Re: git: 0d7445193abc - main - tcp: remove tcptw, the compressed timewait state structure

From: Gleb Smirnoff <glebius_at_freebsd.org>
Date: Fri, 07 Oct 2022 02:46:56 UTC
  Hi

On Fri, Oct 07, 2022 at 02:35:38AM +0000, Gleb Smirnoff wrote:
T>     The memory savings the tcptw brought back in 2003 (see 340c35de6a2) no
T>     longer justify the complexity required to maintain it.  For longer
T>     explanation please check out the email [1].
T>     
T>     Surpisingly through almost 20 years the TCP stack functionality of
T>     handling the TIME_WAIT state with a normal tcpcb did not bitrot.  The
T>     existing tcp_input() properly handles a tcpcb in TCPS_TIME_WAIT state,
T>     which is confirmed by the packetdrill tcp-testsuite [2].
T>     
T>     This change just removes tcptw and leaves INP_TIMEWAIT.  The flag will
T>     be removed in a separate commit.  This makes it easier to review and
T>     possibly debug the changes.
T>     
T>     [1] https://lists.freebsd.org/archives/freebsd-net/2022-January/001206.html
T>     [2] https://github.com/freebsd-net/tcp-testsuite
T>     
T>     Differential revision:  https://reviews.freebsd.org/D36398

The memory savings cut here are more than just sizeof(struct tcpcb) -
sizeof(struct tcptw).  We also keep the socket around for duration of TIME_WAIT.
And the stuff that may hang off the socket, e.g. kTLS context.

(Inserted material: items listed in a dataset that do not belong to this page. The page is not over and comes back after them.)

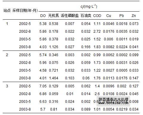 表 7 珠江口2002—2003年3個站點(diǎn)水質(zhì)指標(biāo)監(jiān)測數(shù)據(jù)cj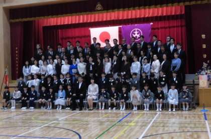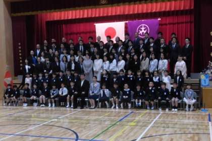 式が終わったあとは、学級ごとに記念写真を撮りました。写真を撮るときはマスクを自分で外しましたが、だれもおしゃべりをしないで静かに写真を撮ってもらっていました。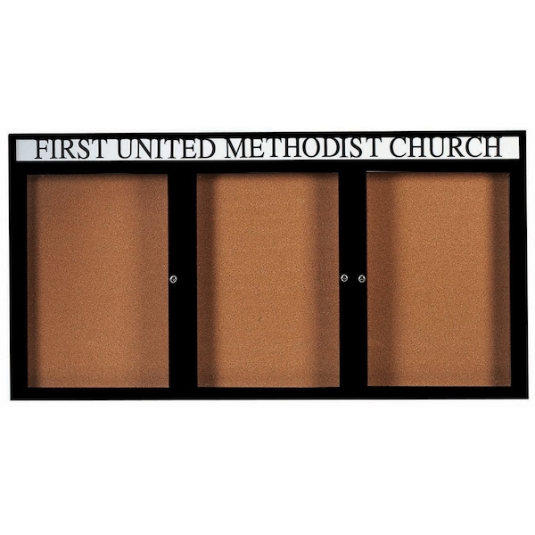 Enclosed Aluminum Bulletin Boards are made of custom extruded parts engineered to provide accurate, durable and handsome cabinets. All corners are neatly mitered and assembled with Heavy duty reinforcements and fasteners. Back panel is natural pebble grain cork. Supplied with a blank header panel, ready for your custom vinyl lettering. Lettering is not included and must be applied by the customer. Black Powder Coated Finish Size 48"Hx96"W 3 Doors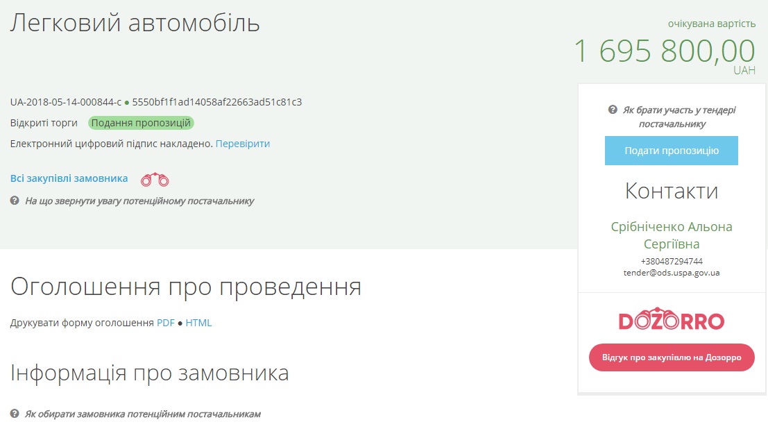 Соответствующая информация опубликована в системе электронных закупок Рrozorro.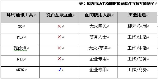 根據(jù)夏先生的提醒,筆者找到這了這個(gè)ANYQ的有關(guān)信息,據(jù)了解,該產(chǎn)品是面向企業(yè)用戶的一款商務(wù)協(xié)作軟件,其目的就是商務(wù)協(xié)作、統(tǒng)一通訊。因?yàn)樵摦a(chǎn)品采用開放的國際標(biāo)準(zhǔn)協(xié)議——XMPP協(xié)議,使其具有聯(lián)系多個(gè)即時(shí)通訊信息孤島的能力。通過各個(gè)嵌入式的網(wǎng)關(guān),企業(yè)可以通過ANYQ與OICQ、ICQ、AIM、MSN、YAHOO上的客戶、合作伙伴進(jìn)行聯(lián)系、實(shí)時(shí)交流、公文共享等企業(yè)來往。

I prepared a changeset that would free the socket when transitioning to TIME_WAIT:

https://reviews.freebsd.org/D36887

However, the patch adds back some complexity that we just removed.

It also introduces a problem with two recent features of pluggable TCP stacks
and massive setsockopt: we got sysctl_setsockopt() that would run setsockopt on
a pcb matching certain criteria. One of most common applications of this tool
is to switch from one TCP stack to the other. To execute sosetopt() the
sysctl_setsockopt() needs socket. With the compressed timewait structure, we
didn't have it. Now we don't, too. However, the compressed timewaits were
short-circuited to the default TCP stack and didn't depend on the pluggable
ones. With a regular tcpcb we still reference the stack. That makes it impossible
to switch off ALL existing connections from some stack with sysctl_setsockopt().

After todays discussion with mtuexen@, rscheff@ and peterlei@ we decided not to
rush with checking in D36887 and have more discussion whether the memory savings
worth the comlexity or not. But keep the revision around.

-- 
Gleb Smirnoff